Processes and Paralysis

Part 3 – contd from part 2:

The Defence sector is considered the ultimate in robustness of processes followed in day-to-day operations. Rigid enforcement of discipline, turnout, maintenance and operations ensures that every part of the organisation including men and machines are fighting fit at any time of day or night. But, if every one of these actions are questioned for authority and expense by bureaucrats who have no knowledge of the operational needs of the defense forces, then there is little doubt that the Armed Force would be a demotivated and ineffective force. On the other hand, if the Armed Forces are given discretionary powers that are misused or abused, this would also be unacceptable from a bureaucratic angle. This is where a good mix of trust and powers of discretion are required in a robust system that does not leave the swords of the CVC, CAG and CBI hanging above the heads of the officers of the Forces. This appears to be the actual situation at present with no one really wanting to take any decision however small they may be at any level of authority.

Other issues that aggravate the situation are the following:

Shortages at the maintenance workshop of the Armed Forces catches somebody’s attention only when the foreign OEM stops either supply of spares or repair services due to complete obsolescence. This causes an immediate need that cannot be met by indigenisation which is a very time consuming long term solution which can take as long as 5 to 8 years in some cases. By the time the long term solution is implemented, the need itself disappears since the ageing platform (aircraft) itself is either discarded or goes through an upgrade by the foreign OEM, thus turning the indigenized item redundant.

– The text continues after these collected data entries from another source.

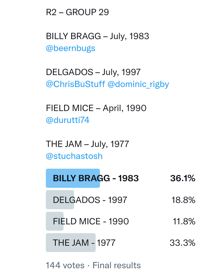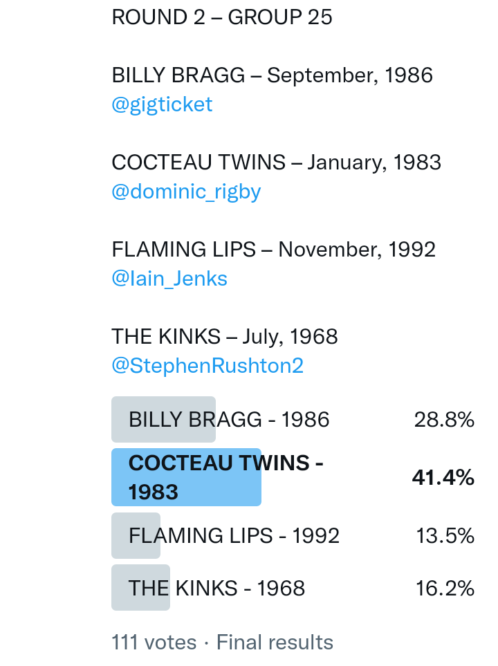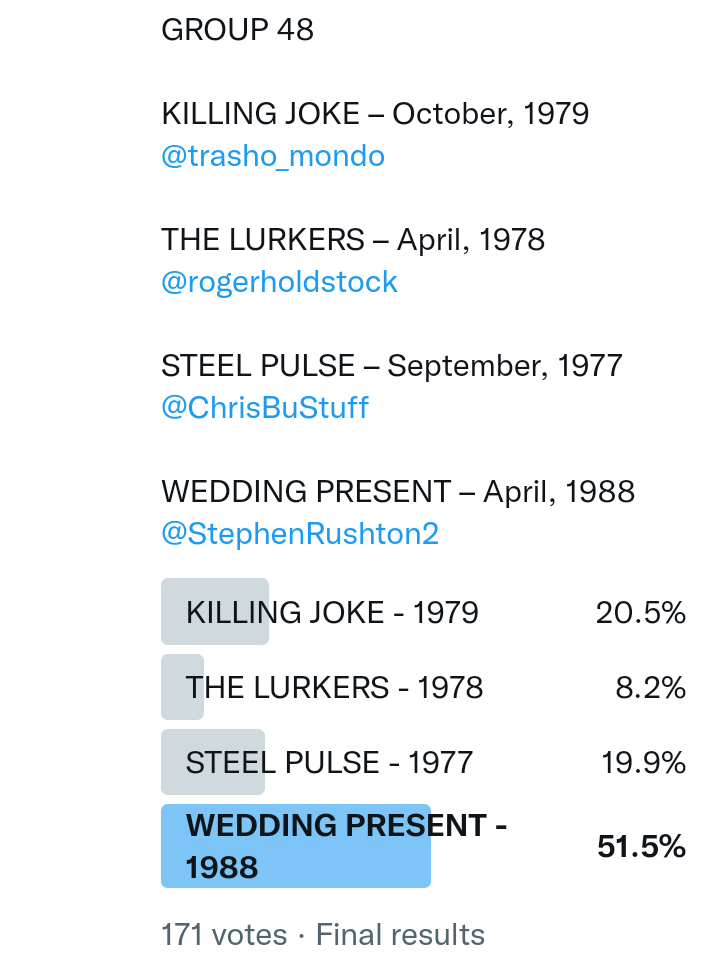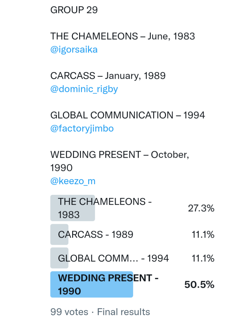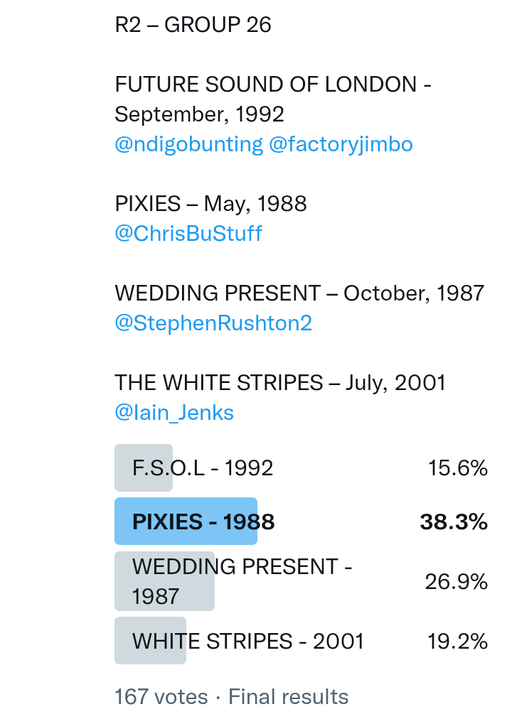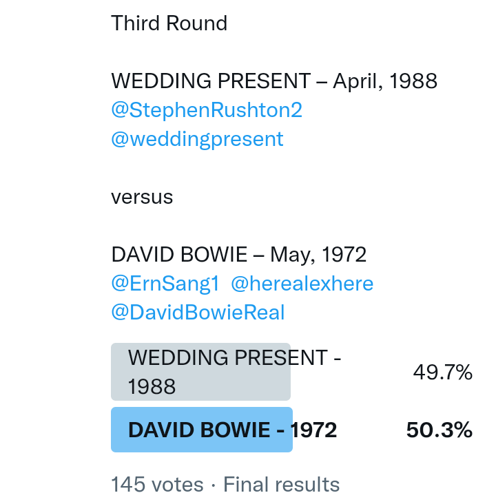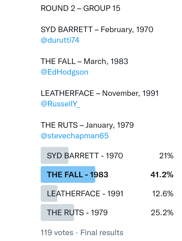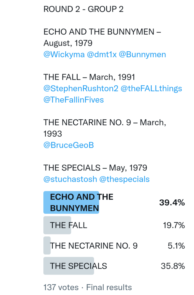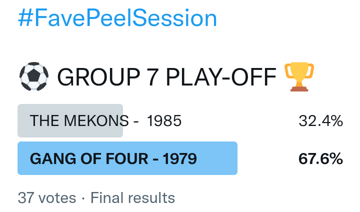 And so after much a to-ing and a fro-ing which included duplications and protestations and then affirmations amid the Bauhaus conspiracy where they appeared to sail into round three without actually doing very much, I now issue forth the THIRD ROUND DRAW for #FavePeelSession (minus Bauhaus) from which you will see some mouth-watering battles ahead.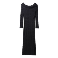 Mujeres 2025 otoño nueva moda encaje vestido sin tirantes Vintage manga larga cremallera lateral Casual Mujer Vestidos Mujer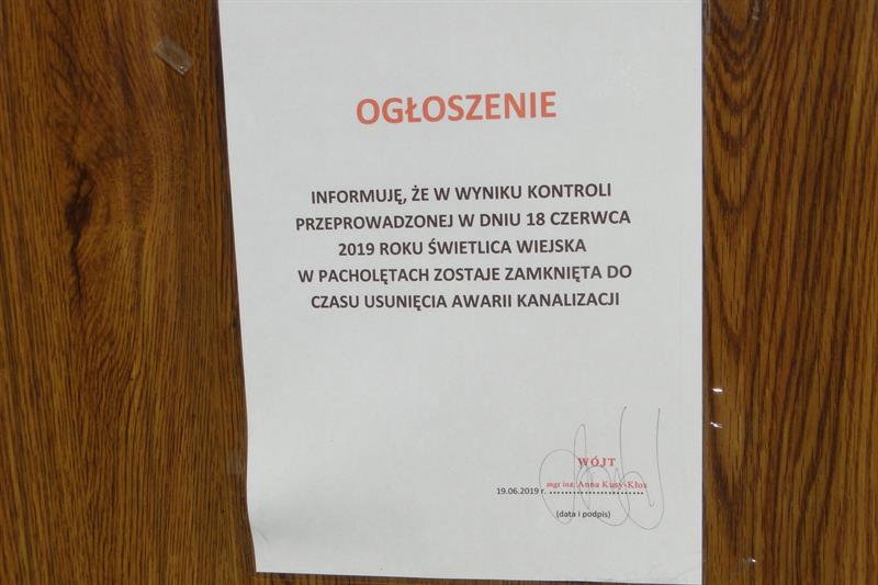 Awaria zgłoszona została w maju br. Im bliżej było czerwcowego odpustu, tym bardziej lokalni liderzy niepokoili się o przebieg imprezy, świetlica bowiem była nieodzowna dla sprawnego przebiegu zaplanowanych działań. Placówka wyposażona jest w kuchnię oraz ogólnie dostępną toaletę, co w przypadku dużej imprezy jest bardzo ważne. Interweniował sołtys Stanisław Czyż i mieszkająca w Pacholętach radna Maria Markowicz. Niestety, 19 czerwca br. na drzwiach placówki wywieszono ogłoszenie podpisane przez wójt Annę Kusy-Kłos, że „w wyniku kontroli przeprowadzonej w dniu 18 czerwca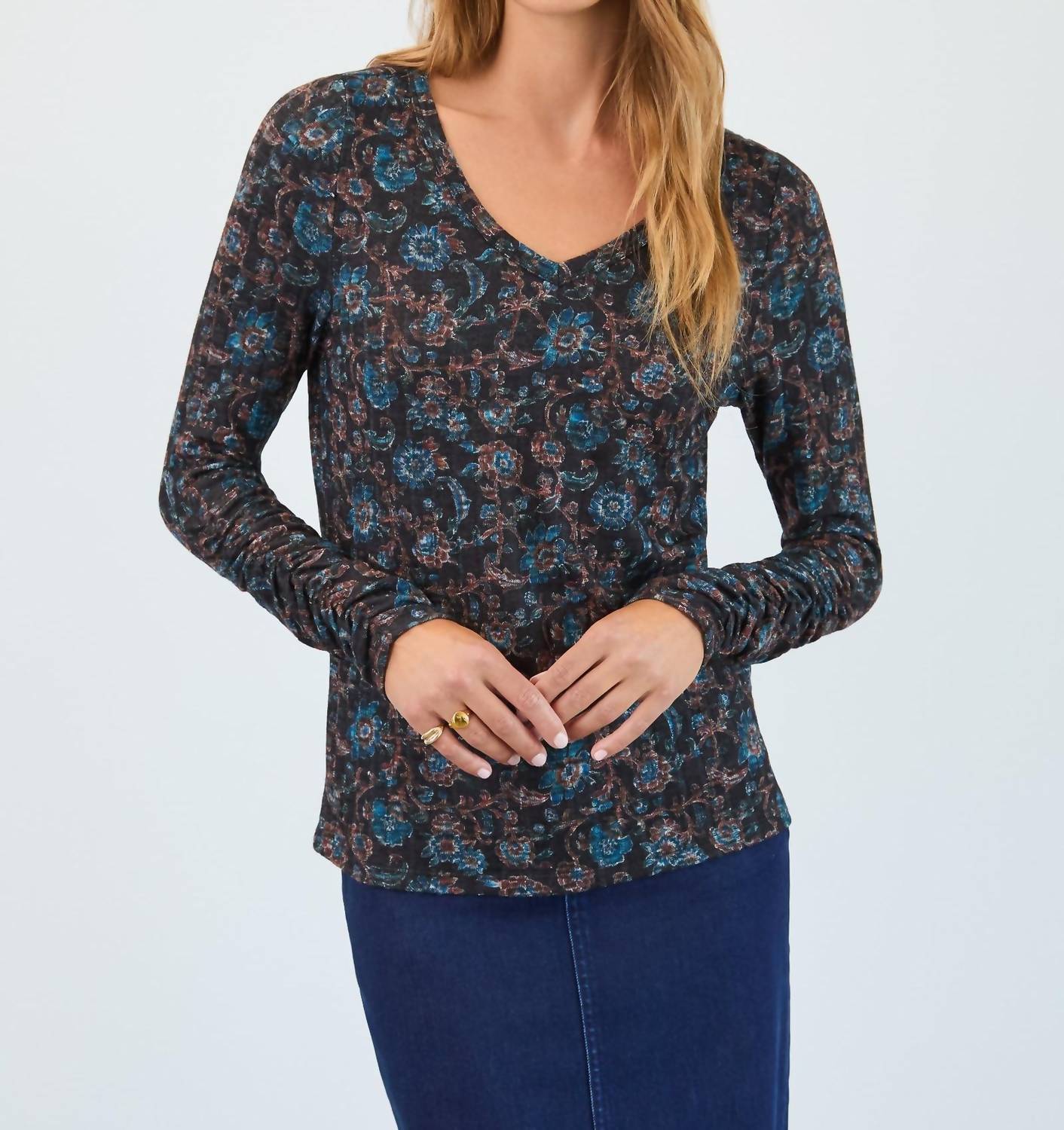 Pair this with your favorite jeans and slides for your next girls night out. Introducing the Crest Floral Long Sleeve Top by FDJ, a stunning addition to your wardrobe that showcases a striking print by a local artist. This women's blouse in Black Crest features a flattering V-neckline and three-quarter sleeves, perfect for any holiday party or workwear ensemble. Made from a breathable blend of 97% polyester and 3% elastane, it offers comfort and ease with a pull-on closure. Care is simple—hand wash and line dry for lasting wear.

Why does indigenisation have to take such a long time? A wide range of issues determine whether indigenisation of a durable item such as an LRU is economically viable or not. To begin with, a majority of the aircraft of the IAF are at least 30 years old in terms of design and technology. Many are as old as 50 years. Very few countries operate such obsolete aircraft not only due to lack of maintenance and spares support, but also due to their poorer performance compared to recent versions. In such a scenario, the IAF would certainly like to phase out such aircraft if only new ones were made available. But, have our Governments ever been bold enough to take these major decisions in time? In the absence of clear and timely decision making, the Armed Services can never take long term decisions on indigenisation of LRUs or sub-systems.

Within the Armed Services, indigenisation is a maze. No one knows for sure whether an LRU is to be indigenised by a DPSU or DRDO or a private sector industry. A year or more is lost in figuring this out. Then follows the issue of an informal RFI (Request for Information) or a feasibility study to be performed by prospective ‘Vendors’ registered with each Depot. A vendor cannot just assess feasibility since he has neither complete technical information nor even seen the item. He has to spend his own money to travel to the bases, dig out whatever info is made available to him (in most cases nothing), guesstimate the technology involved, time, effort and his own confidence level and then send a feasibility report with budgetary cost. This itself can take anywhere from 3 to 6 months. The Base would then study it and request the ‘Vendor’ to provide a detailed break-up of the budgetary cost estimate. Making a budgetary cost estimate for an item about which very little or nothing is known is bad enough. But, to be asked to provide a break-up is asking for the impossible. For the sake of moving the process forward, some figures are worked out in 2 or 3 months time. It is then time to release an RFQ, which is a very crucial document that has to include unambiguous technical specifications, quantities required over the next few years, method of evaluation of the lowest bidder, timelines for development of prototypes as well as production batches, etc. Since many of these details are not clearly known even to the purchasing authorities, preparation and release of RFQs themselves take 12 to 18 months, sometimes even as long as 3 years! It can be seen that it would have already taken 2 to 3 years to reach this stage from the time the need was identified.

angif-red-tape-defThe RFQ states that bids should be valid for a minimum of 180 days. During this time, a technical evaluation of the bid followed by commercial evaluation of those who qualified the former, is carried out. Then follows a price negotiation with the lowest bidder to beat him down further even if it was already unrealistically low. Finally a purchase order is released just a few days before the lapse of the validity of 180 days.

Now, if the RFQ was based on assessment of need for the item for the next 5 or 6 years, it can be seen that more than half that time is already consumed upto the release of the RFQ. Allowing for another 3 to 4 years for the development and certification of the item, it is little wonder that the need for the item no longer exists! So, what does the vendor get out of his efforts over 6 years? Literally nothing that can be called business gains either in the short or long term.